Lower down are entries containing pictures. Copy exactly, without those pictures, the lines from the line with "the actual boat.*" through the line with "(c) Słupsk: Old".
[Material for the task — start]
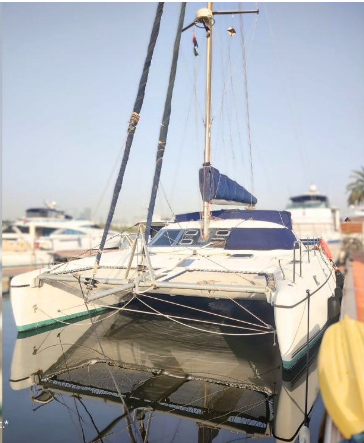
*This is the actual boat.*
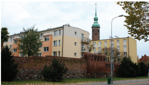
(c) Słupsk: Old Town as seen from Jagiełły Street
[Material for the task — finish]
[Material for the task — start]
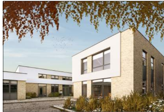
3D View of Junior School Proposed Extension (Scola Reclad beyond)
[Material for the task — finish]
### Response area
*This is the actual boat.*
(c) Słupsk: Old Town as seen from Jagiełły Street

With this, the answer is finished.